Print verbatim the lines from the beginning of the entries through the line containing "One-Penny Münze mit", both ends included. Pictures should be left out.

========================================================================

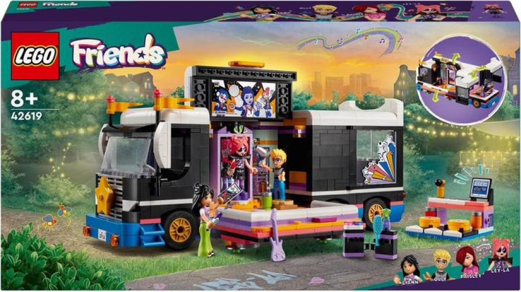 Mit dem LEGO Friends Popstar Tourbus können Kinder ab 8 Jahren ihrer Fantasie freien Lauf lassen. Dieses Musikspielzeug beinhaltet einen aufbaubaren Truck, einen Backstage-Bereich mit Zubehör sowie 4 LEGO Friends Figuren für spannende Rollenspiele. Dein Kind kann erleben, wie die schüchterne Paisley sich in die Superstar Ley-La verwandelt, indem es einfach den Spiegel dreht. Der Bus lässt sich vorne, seitlich und hinten öffnen, um den Backstage-Bereich mit Aufnahmeecke, Keyboard, Gitarre, Betten und Toilette zu entdecken. Dieses Set fördert die soziale und emotionale Entwicklung und ist ein tolles Geschenk für junge Musikfans.
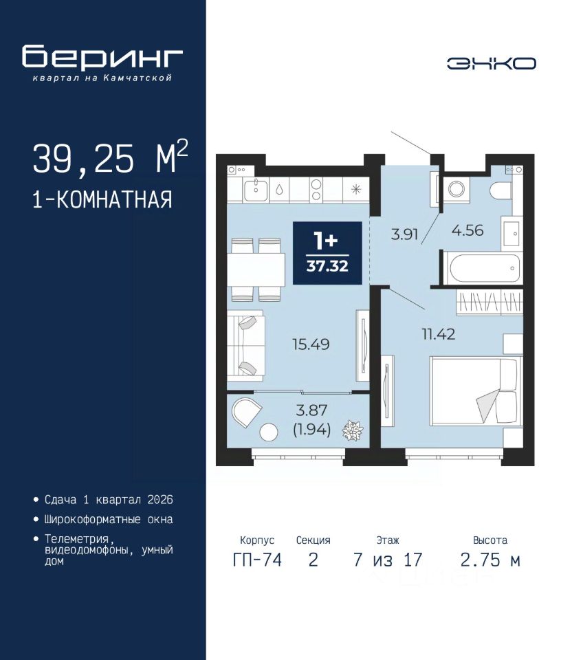 Продается 1-комн. квартира от застройщика в ЖК ''Беринг'' на 7 этаже. Общая площадь: 39.25 кв.м. Высота потолков 2.75 м.
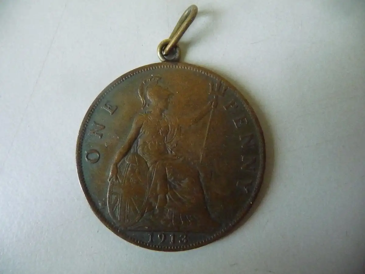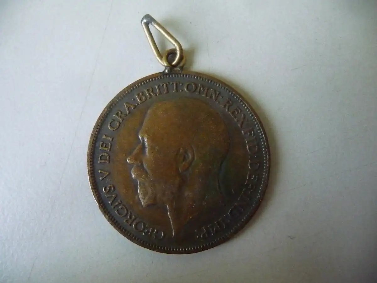 One-Penny Münze mit Ring als Anhänger gefasst, 1913 Umschrift: Georgius V Dei Gra: Britt: Omn: Rex Fid: Def: Ind: Imp Durchmesser ca. 31 mm Mit Altersspuren, Oxidationsflecken
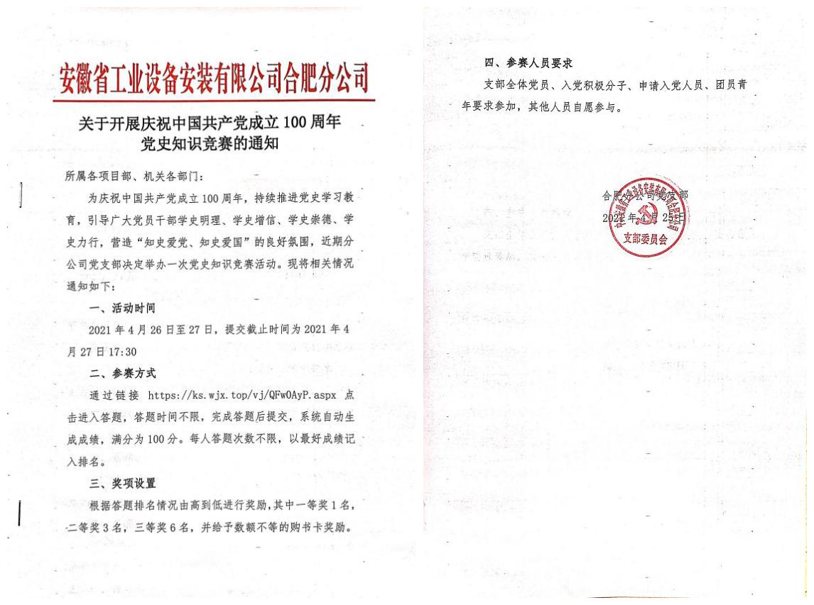 為慶祝中國(guó)共產(chǎn)黨成立100周年,持續(xù)推進(jìn)黨史學(xué)習(xí)教育,引導(dǎo)分公司黨員干部學(xué)史明理、學(xué)史增信、學(xué)史崇德、學(xué)史力行,營(yíng)造“知史愛(ài)黨、知史愛(ài)國(guó)”的良好氛圍,4月26日-27日,合肥分公司黨支部組織開(kāi)展了黨史學(xué)習(xí)教育知識(shí)競(jìng)賽活動(dòng)。
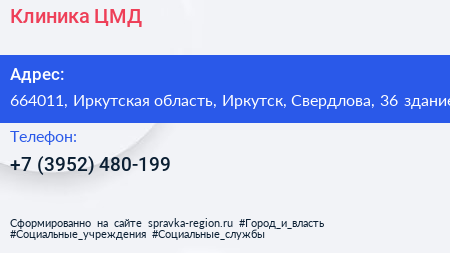 Клиника ЦМД по адресу 664011, Иркутская область, Иркутск, Свердлова, 36 здание в дальнейшем Организация, размещена в следующих категориях:
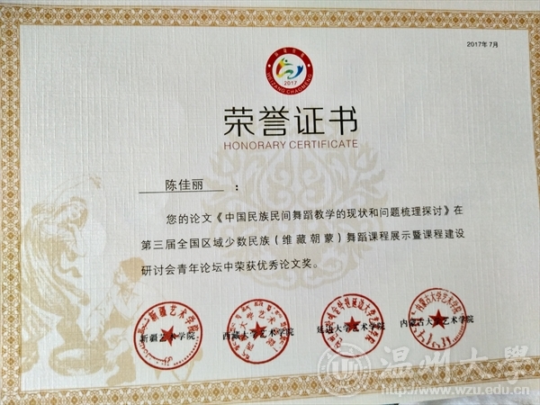 级研究生陈佳丽向大会提交的舞蹈学术论文《中国民族民间舞蹈教学的现状和问题梳理探讨》从百余篇论文中脱颖而出,在十几篇优秀获奖论文中占有一席之地。为古天乐代言太阳集团138争得了荣誉。
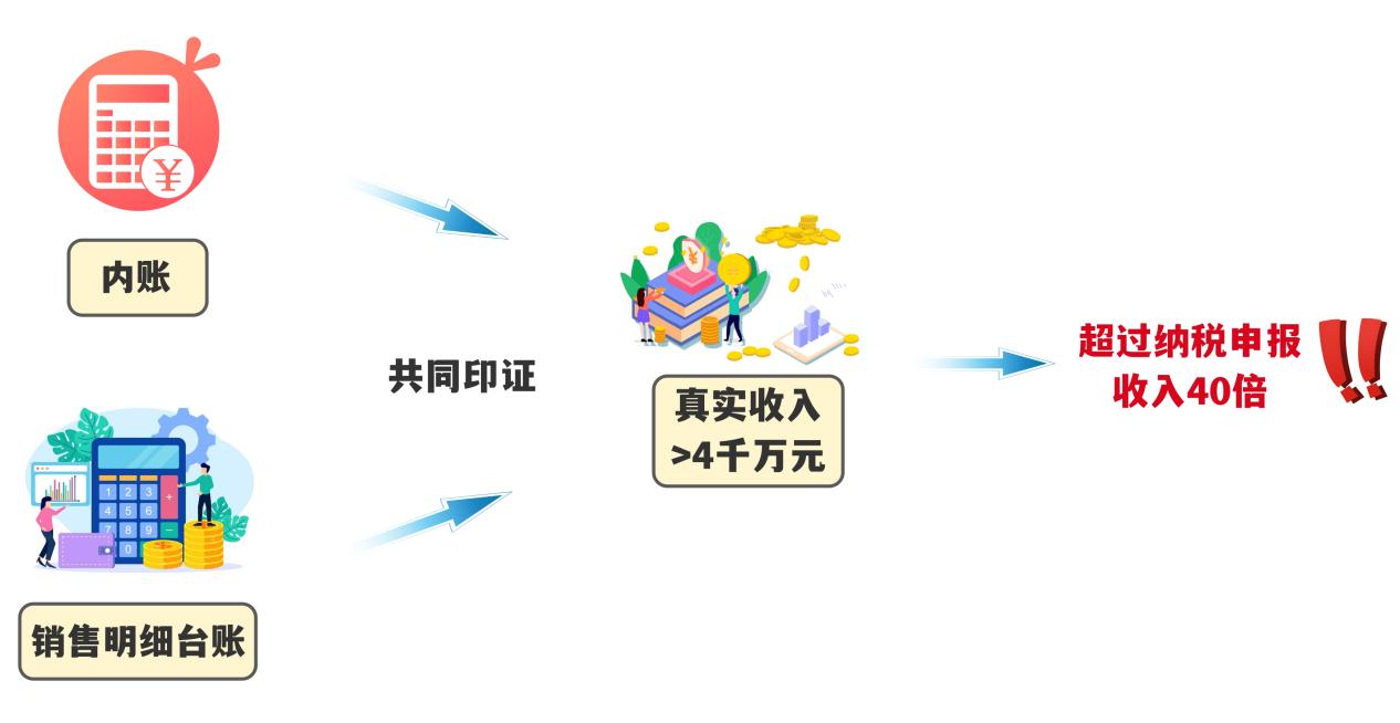 為弄清事實(shí)真相,檢查人員依法檢查公司財(cái)務(wù)人員電腦,發(fā)現(xiàn)有內(nèi)外兩套電子賬簿:外賬記錄的收入與申報(bào)數(shù)據(jù)相同,而內(nèi)賬記錄的經(jīng)營(yíng)情況與舉報(bào)線索提及的規(guī)模特征基本一致。同時(shí),倉(cāng)庫(kù)管理人員電腦里的銷售明細(xì)臺(tái)賬詳細(xì)記錄了超4千萬(wàn)元的貨品銷售數(shù)據(jù),超過(guò)納稅申報(bào)收入的40倍,與內(nèi)賬高度吻合。

========================================================================

- **RESPONSE BOX**
 Mit dem LEGO Friends Popstar Tourbus können Kinder ab 8 Jahren ihrer Fantasie freien Lauf lassen. Dieses Musikspielzeug beinhaltet einen aufbaubaren Truck, einen Backstage-Bereich mit Zubehör sowie 4 LEGO Friends Figuren für spannende Rollenspiele. Dein Kind kann erleben, wie die schüchterne Paisley sich in die Superstar Ley-La verwandelt, indem es einfach den Spiegel dreht. Der Bus lässt sich vorne, seitlich und hinten öffnen, um den Backstage-Bereich mit Aufnahmeecke, Keyboard, Gitarre, Betten und Toilette zu entdecken. Dieses Set fördert die soziale und emotionale Entwicklung und ist ein tolles Geschenk für junge Musikfans.
 Продается 1-комн. квартира от застройщика в ЖК ''Беринг'' на 7 этаже. Общая площадь: 39.25 кв.м. Высота потолков 2.75 м.
 One-Penny Münze mit Ring als Anhänger gefasst, 1913 Umschrift: Georgius V Dei Gra: Britt: Omn: Rex Fid: Def: Ind: Imp Durchmesser ca. 31 mm Mit Altersspuren, Oxidationsflecken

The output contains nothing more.